An Industrial Aesthetic
By Frances Colpitt, 2004
In many ways, Robert Tiemann’s pegboard paintings encapsulate the forms and issues explored in his work over the last four decades. They specifically recall the Paneling Pieces of 1982-92, in which he first employed pegboard along with prefabricated interior wall paneling to create “readymade” paintings. In the Magic Square series of 1988, he took advantage of the readymade grid formed by the regularly spaced holes in the pegboard by numbering each hole so that the sum of the numbers in each column, row, and diagonal is the same. Tiemann’s reliance on the grid dates to his well known silver paintings (1978-80), which have gridded surfaces formed by taut, glued-down strings beneath the aluminum paint. These followed the artist’s first mature series of canvases lyrically stained with delicately applied color.

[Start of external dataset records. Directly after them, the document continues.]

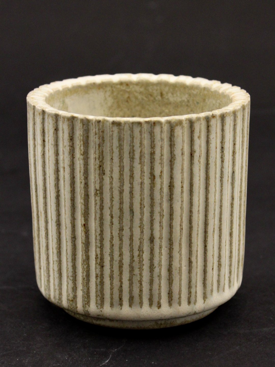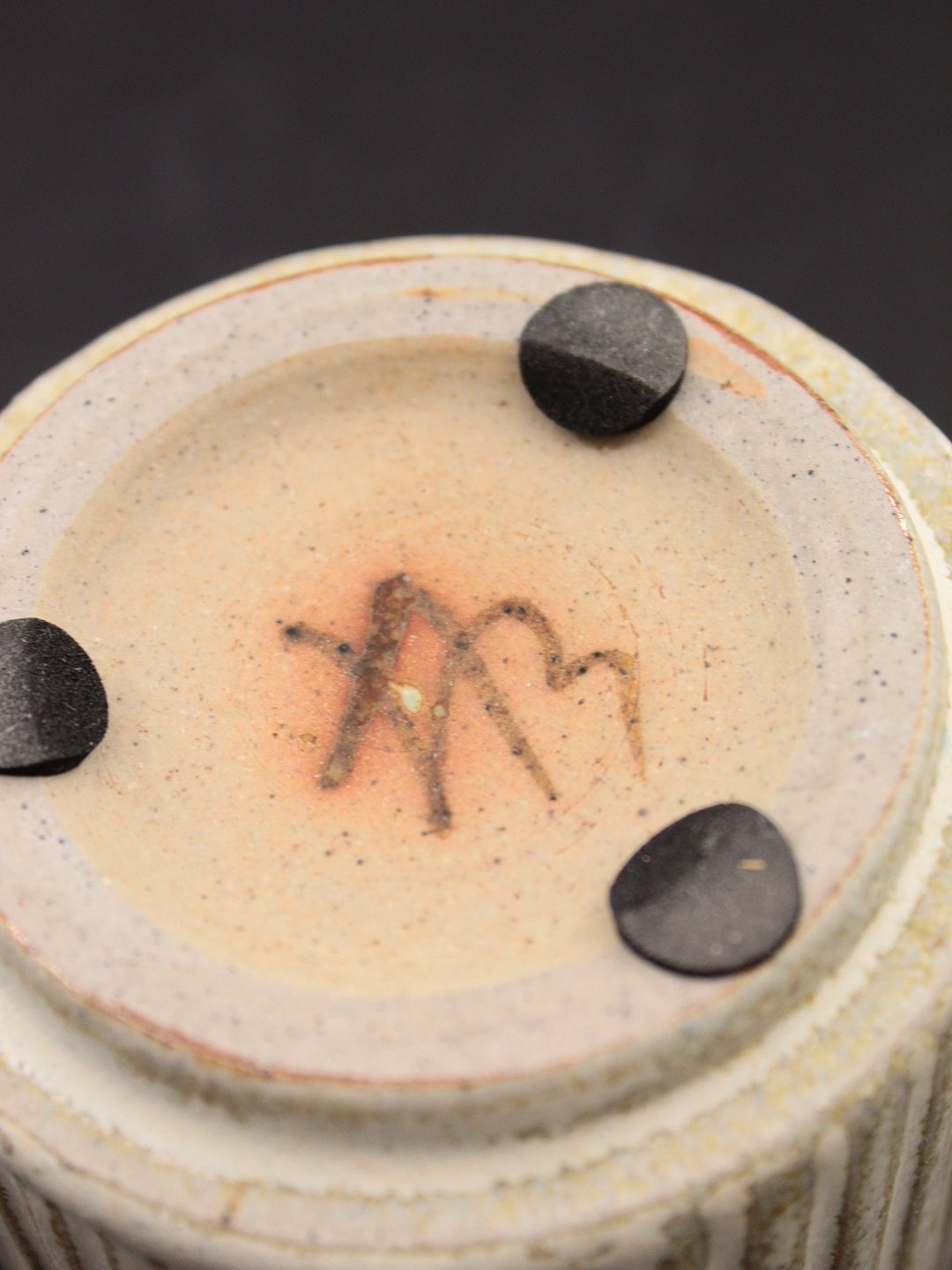 Arne Bang (1901-1983) Danish design Bowl / vase in glazed ceramic grooved body and beautiful glaze in sand shades 9 x 9 cm. nice condition. item no. 501450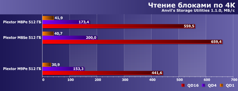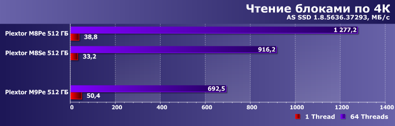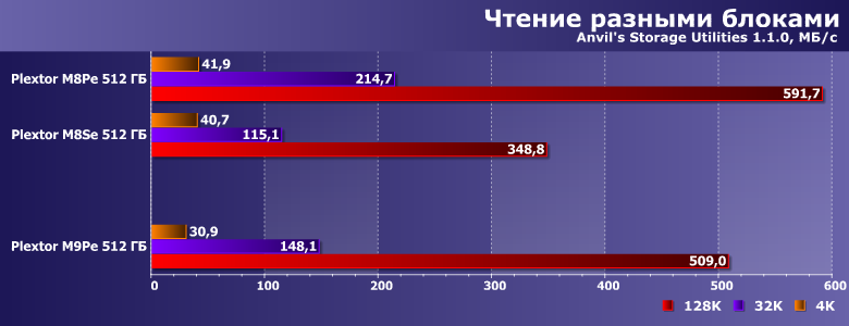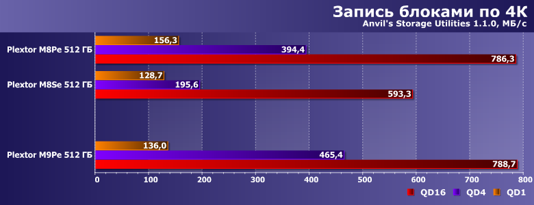 С другой стороны, чтение блоками разного размера с единичной очередью M9Pe выполняет несколько медленнее, чем M8Pe, хоть и быстрее, чем M8Se. Это несколько расходится с показаниями бенчмарков высокого уровня, которые обычно с этим тестом неплохо коррелируют, но просто прикладному ПО достаточно и меньших скоростей.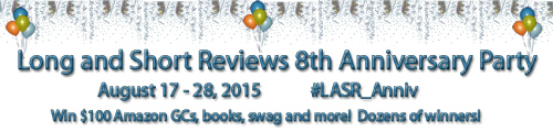 By the way, today I’m part of Long and Short Reviews 8th Anniversary Party! Come on over and enter to win TONS of stuff, including $100 Amazon/B&N gift cards!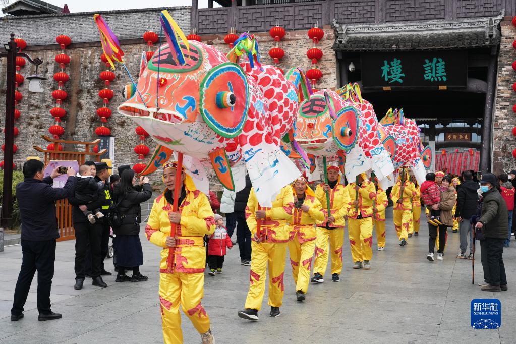 2月4日,民間藝人在安徽歙縣古城表演瞻淇魚(yú)燈。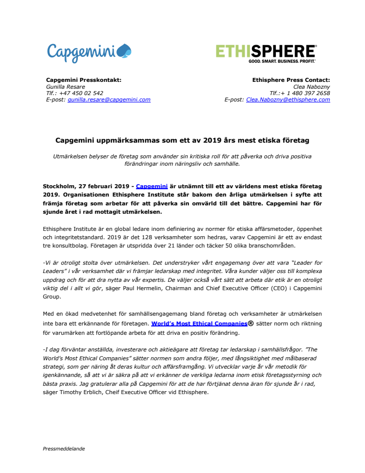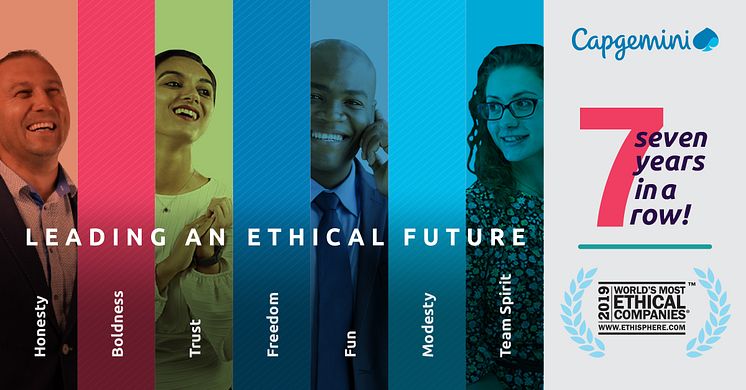 Capgemini är utnämnt till ett av världens mest etiska företag 2019. Organisationen Ethisphere Institute står bakom den årliga utmärkelsen i syfte att främja företag som arbetar för att påverka sin omvärld till det bättre. Capgemini har för sjunde året i rad mottagit utmärkelsen.

Tiemann has returned—albeit less delicately—to the exploration of paint’s liquidity in the most recent work in this exhibition, which includes dribbled eruptions of paint injected through the holes from the back of the pegboard. Typically concealed in domestic or commercial uses of pegboard, the rough and “wrong” side of the panel serves as a dry, nubby surface for the drips.
Tough and industrial, Tiemann’s paintings are conceptual as well as process-driven. Each is more like the idea of a painting than a painting in the traditional sense. The repetitive processes—filling the holes with spackling or protruding pegs, sanding the surface, dividing it into halves, thirds or other proportional relationships, and applying oil stick or paint—are those of an artist as well as a handyman. As if acknowledging the fact that the English language doesn’t distinguish between the noun and the verb work (unlike the French words ouvre and travailler), the result is a painting that is a work instead of a precious and seductive object of beauty. From common construction materials and labor-intensive techniques, Tiemann coaxes an assertive, matter-of-fact physicality, conceived with dry wit and conviction.